Enforce Constitution Section III in the 14th Amendment - January 6th sedition punishment

Capitol riot participants must be punished.
Courts need to send a message that deters insurrectionists.
Jan. 6, 2021, violent insurrectionists loyal to The Former Guy hold on to a police barrier at the U.S. Capitol. 

Editor opinion letter published in the Reading Eagle, a Pennsylvania newspaper:

After the Civil War, members of Congress realized that tens of thousands of U.S. citizens had taken seditious, rebellious acts of insurrection against the United States of America. 

Large numbers of Confederates had previously taken an oath of allegiance to the United States when elected to state and federal offices or by serving in the military.

To prevent them from ever holding office again, Section III of the 14th Amendment to the U.S. Constitution was written and adopted by the states*.

In the near future numerous individuals fitting the aforementioned parameters will have been identified as Jan. 6 insurrectionists through the scrutiny of a House special committee and the testimony of witnesses.

Should Congress convict any or all of them, they should be held to the stipulated penalties of the 14th Amendment.

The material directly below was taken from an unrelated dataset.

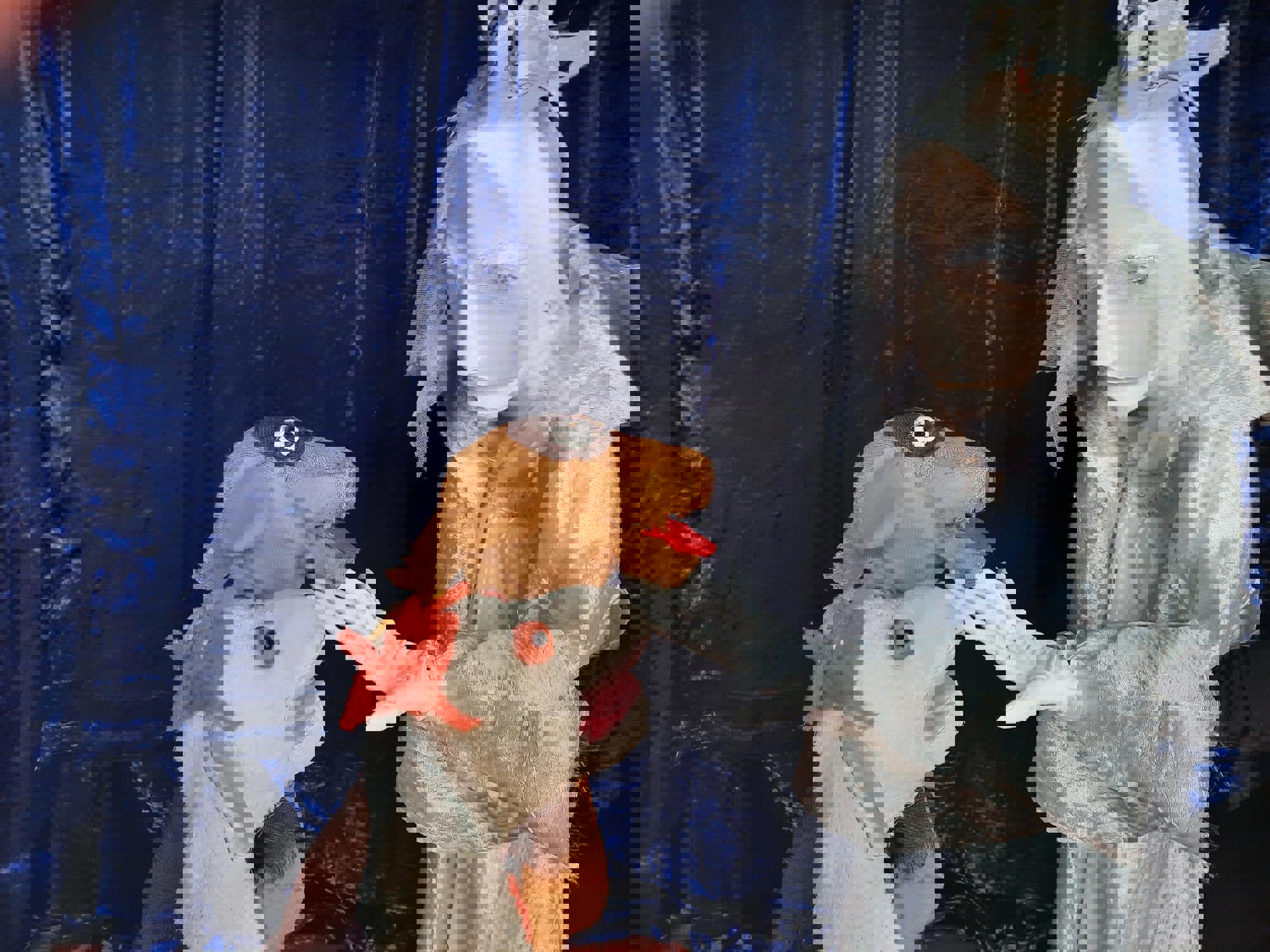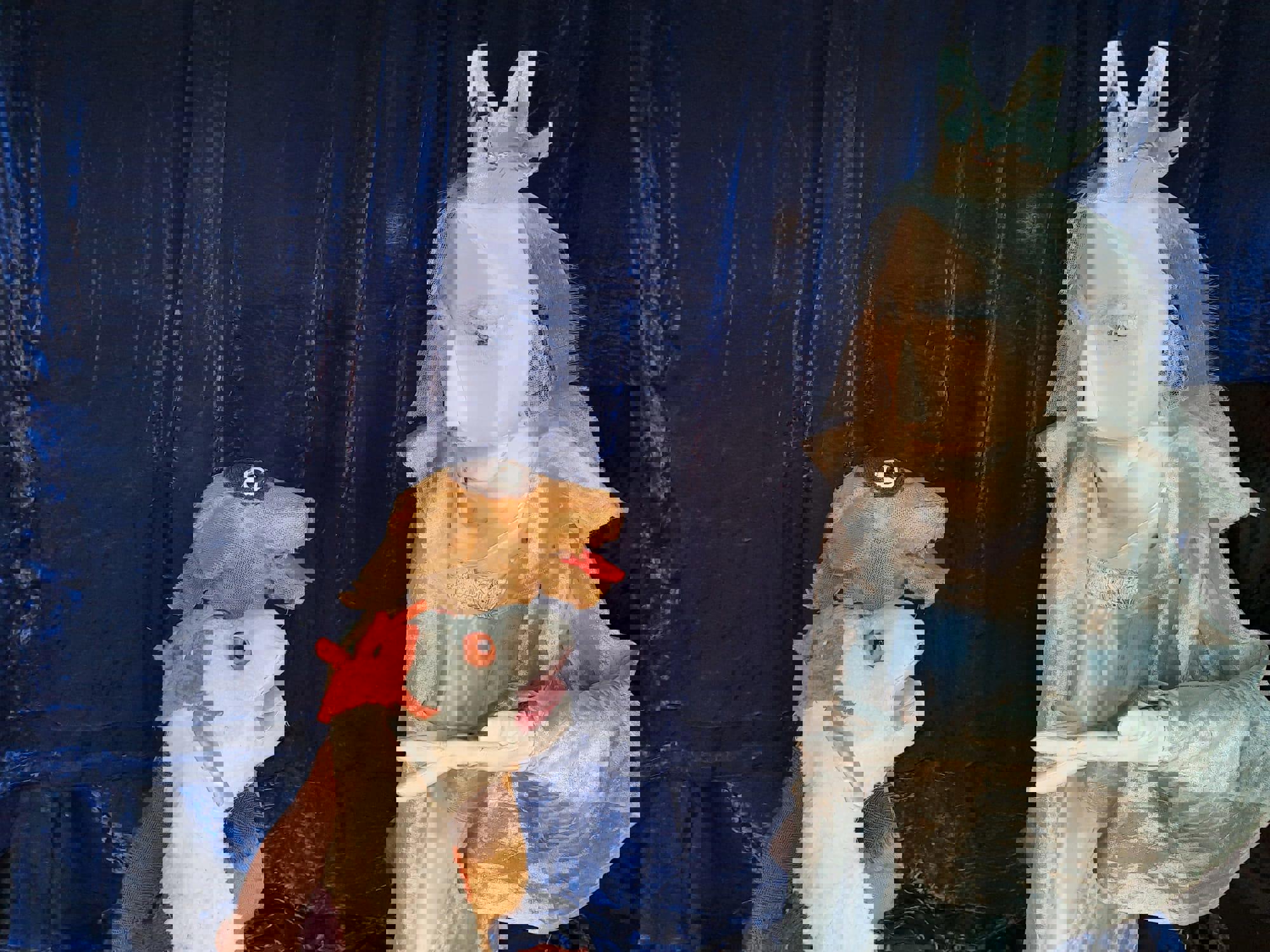 -Grote zelfgemaakte poppen, waarmee we vrij door de ruimte bewegen

These could include a former chief executive of the U.S., members of Congress, state legislators, law enforcement officers and others.


Whether or not the historic document that has guided our constitutional republic since before George Washington’s election is worth the paper it is written on will be determined by how any punishment is meted out against the insurrectionists.

The likelihood of a future coup d’etat should be greatly diminished by effective application of the 14th Amendment.

Gary Coller
Spring Township
Section Three of the 14th amendment, gave Congress the authority to bar public officials, who took an oath of allegiance to the U.S. Constitution, from holding office if they "engaged in insurrection or rebellion" against the Constitution. The intent was to prevent the president from allowing former leaders of the Confederacy to regain power within the U.S. government after securing a presidential pardon. It states that a two-thirds majority vote in Congress is required to allow public officials who had engaged in rebellion to regain the rights of American citizenship and hold government or military office.

It states that: "No person shall be a Senator or Representative in Congress, or elector of President and Vice-President, or hold any office, civil or military, under the United States, or under any state, who, having previously taken an oath, as a member of Congress, or as an officer of the United States, or as a member of any State legislature, or as an executive or judicial officer of any State, to support the Constitution of the United States, shall have engaged in insurrection or rebellion against the same, or given aid or comfort to the enemies thereof."